Cramming: Training a Language Model on a Single GPU in One Day: This paper trended on twitter for a while because it bucked a trend of bigger and bigger models with more params and FLOPs, instead looking at what could be accomplished on a single consumer GPU in a day. They show that (i) architecture is important and (ii) you can get a high level of quality quickly - higher FLOPs lead to diminishing returns under current setups (which is potentially still necessary).
Data Distributional Properties Drive Emergent In-Context Learning in Transformers: Absolutely loved this paper - it blew my mind and in my opinion asks some pretty deep questions around the nature of language. tldr, the ability of LLMs built on Transformer arch. to generate responses formatted based only on context (e.g. without having to retrain weights) is a completely emergent property that wasn't intentionally trained for. More interestingly it is unique to Transformers - BUT - it also requires training data to be distributed with particular properties (burstiness, Zipfian distributed, etc)
Two additional papers have popped up on this topic: Transformers learn in-context by gradient descent and Why Can GPT Learn In-Context?
Towards Principled Methods for Training Generative Adversarial Networks: Not the original paper on GANs but a highly cited paper for modern GAN implementations. As a follow up read, the Wasserstein GAN is the basis of current state of the art models.
Pytorch library: Not a paper, but spent some time getting to know Torch as well - my takeaway is that it is better suited to low-level granular control over your networks and is optimized for speed. Tensorflow seems more high level/more finicky at these lower level tasks (although, not incapable)
Sparse GPT: Hints at the fact that LLM Transformer architecture is still highly inefficient.
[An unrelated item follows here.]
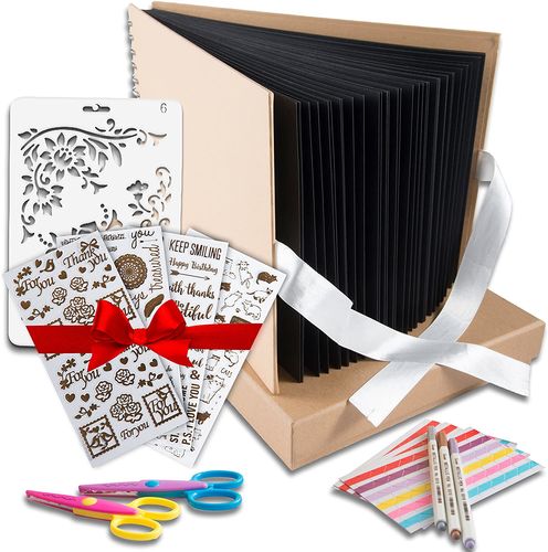 This lot includes Scrapbook Photo Album DIY Kit, I Deal Wedding, Anniversary Book Family Memory Box w/Accessories - Keep Favorite Memories Alive - 80 Thick Pages, 320 Photos - Scrapbooking Birthday or Graduation Gift. DIY ALBUM SCRAPBOOK w/High-quality box, 3 markers, 4 sticker sheets, stencil, 3 photo corner sheets, 2 scissors. TOP QUALITY THICK, DURABLE 8O PAGE 40 SHEET 12.4” x 8.2” scrapbooking album fits 320 photos! CAPTURE LIFE’S CHERISHED MOMENTS! Record graduation and birthday parties; use as a travel log. PHOTO SCRAPBOOK ALBUM FEATURES photo storage & accessories box, wrap tie closure, sturdy binding. CLASSY GIFT BOX holds letters/artwork! Gift for a birthday, Mother’s or Valentine’s Day, baby gift.

Researchers show that massive LLMs can be pruned to less than half their weights without material performance impacts.
The topic of finding more efficiencies in the architecture of our models is growing. The first item in this list also speaks to this, and this paper, 'Tuning LLMs via zero shot hyper parameter transfer shows that hyper-parameters can be learned/tuned on smaller (subset) models and then transferred in a zero-shot method to larger models.
Neuro-Symbolic AI: Some larges shops (IBM included) state this could be the path to AGI as it gives Transformers logic capabilities which today are their biggest weakness.
Wolfram + ChatGPT: Stephen Wolfram lays out proofs of concepts for how Wolfram can give ChatGPT a logic implant - effectively proposing that Wolfram is introduced into ChatGPT architecture with fine-tuning causing ChatGPT to consult Wolfram Alpha to provide additional context - correcting mathematical, logical and numerical mistakes.
Reinforcement Learning from Human Feedback: RLHF was a key component to making ChatGPT work and took some novel work in the field of reinforcement learning to optimize gradient descent (given parameter count) and in design of the reward function.
Wide FeedForward or RNNs are Gaussian Processes: I've referenced Greg Yang previously here (5.1 above), who is a mathematician at Microsoft working to formalize the theory of NNs. His work, and others in his field, will give us better understandings of the architecture so that we can more predictably design networks vs. how we do it today with, broadly, guess and check approaches. This paper shows that all feedfoward, or RNNs (large majority of the atomic components in ML) are Gaussian processes, effectively meaning that a randomly initialized NN can be thought of as a function which can take any random subset of the input and output a Gaussian distribution. Why is this important? We understand Gaussians really well - and although it does not remain Gaussian - it shows that the process of training is effectively nudging a Gaussian in a new direction - and moreover, it means that we can understand what the 'sum' of neural networks mean.